- Companies are leveraging AI agents to execute multi-step tasks.
- Agents are now used for everything from email management to complex engineering.
- But researchers say agent errors are prevalent and compound the more steps they take.
Silicon Valley is brimming with optimism about AI agents.
In basic terms, the technology can solve problems, execute tasks, and grow smarter as it learns from its environment. Agents are like a virtual assistant, something most workers dream of having. They’re already using them to book flights, collect data, summarize reports, and even make decisions.
But agents are far from perfect, and not only are errors and hallucinations still commonplace, they get worse the more they’re used.
Companies are now using agents to automate elaborate, multi-step tasks. New tools have emerged to make that possible. Regie AI uses “auto-pilot sales agents” to automatically find leads, draft personalized emails, and follow up with buyers. Cognition AI makes an agent called Devin that carries out complex engineering tasks. Big Four professional services firm PwC unveiled “agent OS” a platform that makes it easier for agents to communicate with one another to execute tasks.

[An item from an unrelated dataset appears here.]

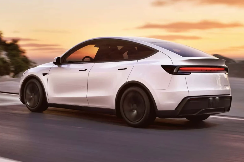 창밖에 테슬라 모델Y 한 대가
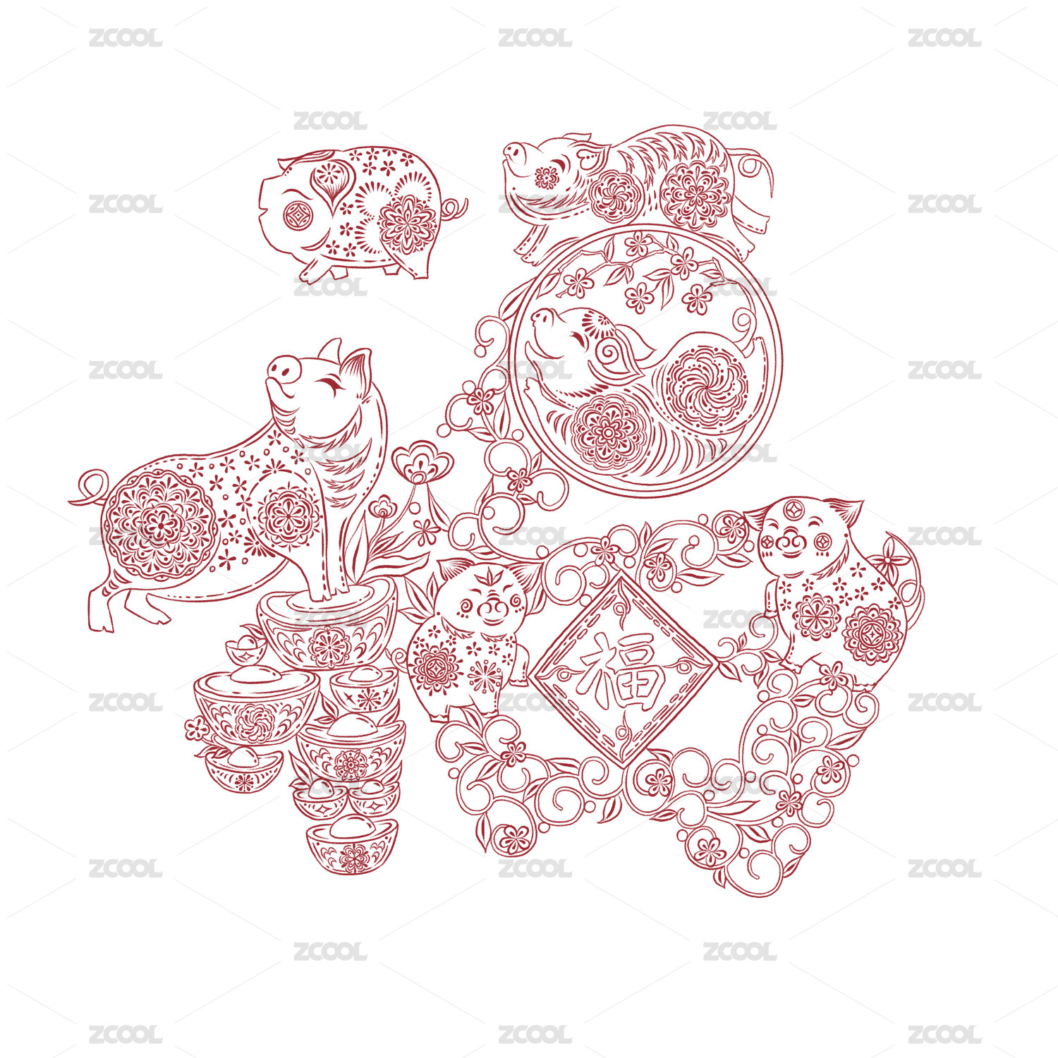 装饰画十二生肖动物插图黑白插画线描中国传统装饰纹样,白色,白色背景,设计,风格,一只动物,中国文化,传统,传统文化,工艺品

But the more steps an agent takes to complete a task, the more likely its error rate — the percentage of incorrect outputs — will impact the outcome. Some agent processes can have as many as 100 steps or more, according to Patronus AI, a startup that helps companies evaluate and optimize AI technology.
Patronus AI measured the risk and revenue loss caused by the mistakes of AI agents. Its findings confirm a familiar truth — with great power comes great responsibility.
"An error at any step can derail the entire task. The more steps involved, the higher the chance something goes wrong by the end," the company wrote on its blog. It built a statistical model that found that an agent with a 1% error rate per step can compound to a 63% chance of error by the 100th step.
ScaleAI growth lead Quintin Au said error rates are much higher in the wild.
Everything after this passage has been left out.